**Provided material**
########################################
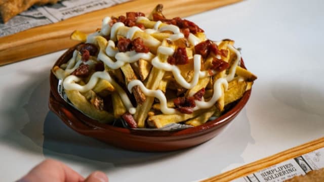 Pão brioche, hambúrguer, onions, bacon, mozzarella, rúcula e molho da casa.
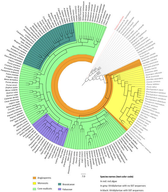Apart from the SSTs in Brassicaceae and Fabaceae, 97 additional sequences (Table S1) were identified in 72 species from 37 core eudicot families (List S1) (light green in Figure 1). SST sequences were not found in red algae (in red in Figure 1), nor in chlorophytes or bryophytes. Within vascular plants, they were only present in core eudicots (light green in Figure 1) (species where SST genes were not found are shown in grey). In fact, among angiosperms (orange in Figure 1), they were absent in Amborellales (Amborella trichopoda Baill.) and Nymphaeales (Nymphaeae colorata Peter), both classified as the most ancient basal angiosperms; Ranunculales (Aquilegia coerulea James), a basal eudicot; monocots (yellow in Figure 1); and Laurales (Cinnamomum micranthum Hayata), a less-evolved angiosperm of the Magnoliids group.
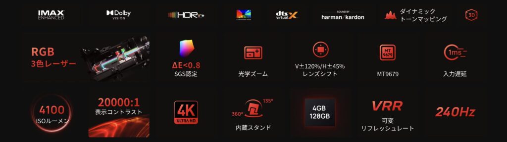 | ランプ寿命 | 20,000時間 (ゲームモード、VRRオン、AKオフ) 1080P@240Hzで1ミリ秒 1080P@120Hzで2.2ミリ秒 4K @60Hzで3ミリ秒 |
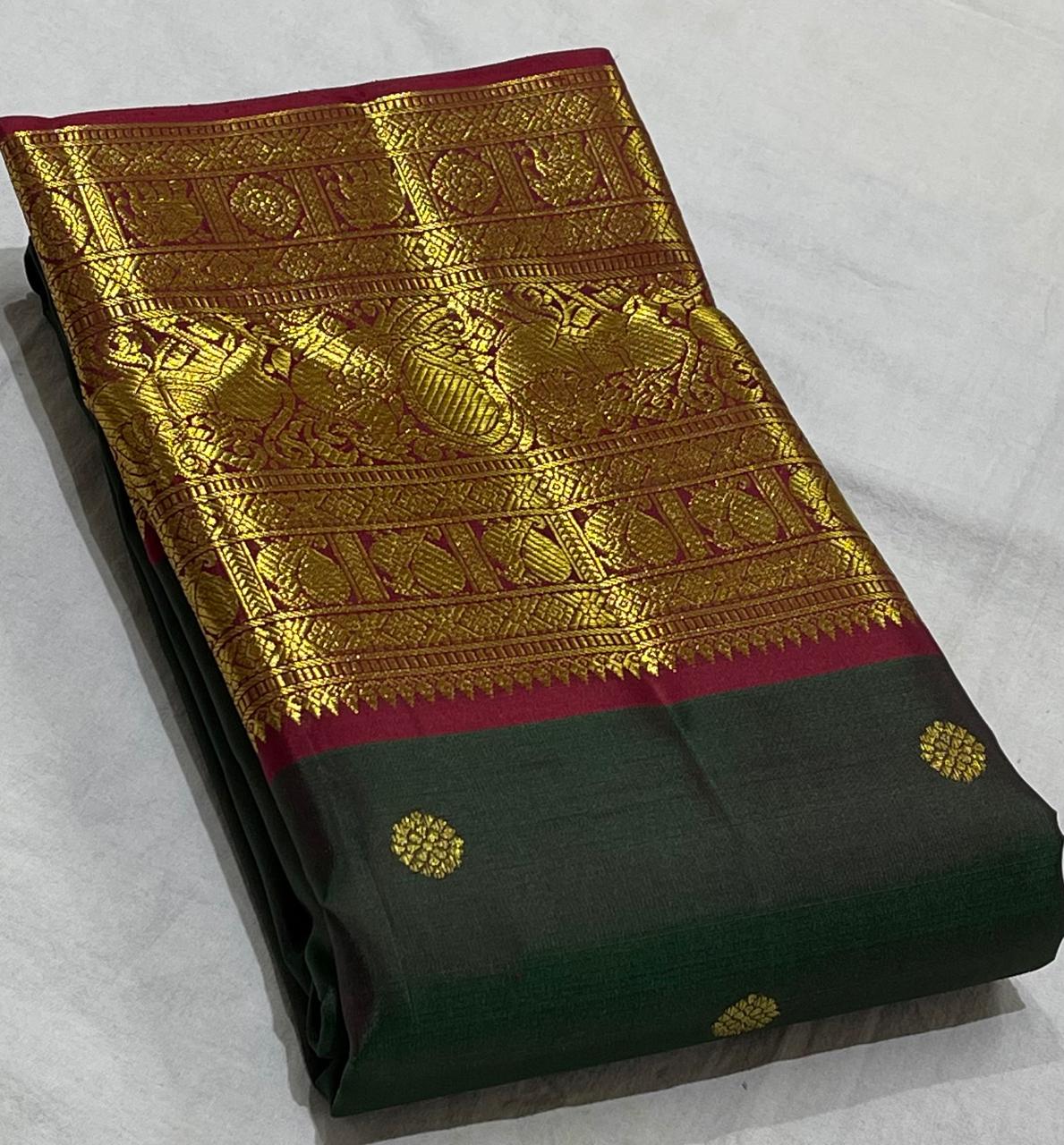 BOTTLE GREEN/MAROON COLOUR COMBITION PURE KANCHI SILK SAREE
########################################
**Your goal**
Leaving the images out, retype all the material above exactly.

**Problem solution**
 Pão brioche, hambúrguer, onions, bacon, mozzarella, rúcula e molho da casa.
Apart from the SSTs in Brassicaceae and Fabaceae, 97 additional sequences (Table S1) were identified in 72 species from 37 core eudicot families (List S1) (light green in Figure 1). SST sequences were not found in red algae (in red in Figure 1), nor in chlorophytes or bryophytes. Within vascular plants, they were only present in core eudicots (light green in Figure 1) (species where SST genes were not found are shown in grey). In fact, among angiosperms (orange in Figure 1), they were absent in Amborellales (Amborella trichopoda Baill.) and Nymphaeales (Nymphaeae colorata Peter), both classified as the most ancient basal angiosperms; Ranunculales (Aquilegia coerulea James), a basal eudicot; monocots (yellow in Figure 1); and Laurales (Cinnamomum micranthum Hayata), a less-evolved angiosperm of the Magnoliids group.
 | ランプ寿命 | 20,000時間 (ゲームモード、VRRオン、AKオフ) 1080P@240Hzで1ミリ秒 1080P@120Hzで2.2ミリ秒 4K @60Hzで3ミリ秒 |
 BOTTLE GREEN/MAROON COLOUR COMBITION PURE KANCHI SILK SAREE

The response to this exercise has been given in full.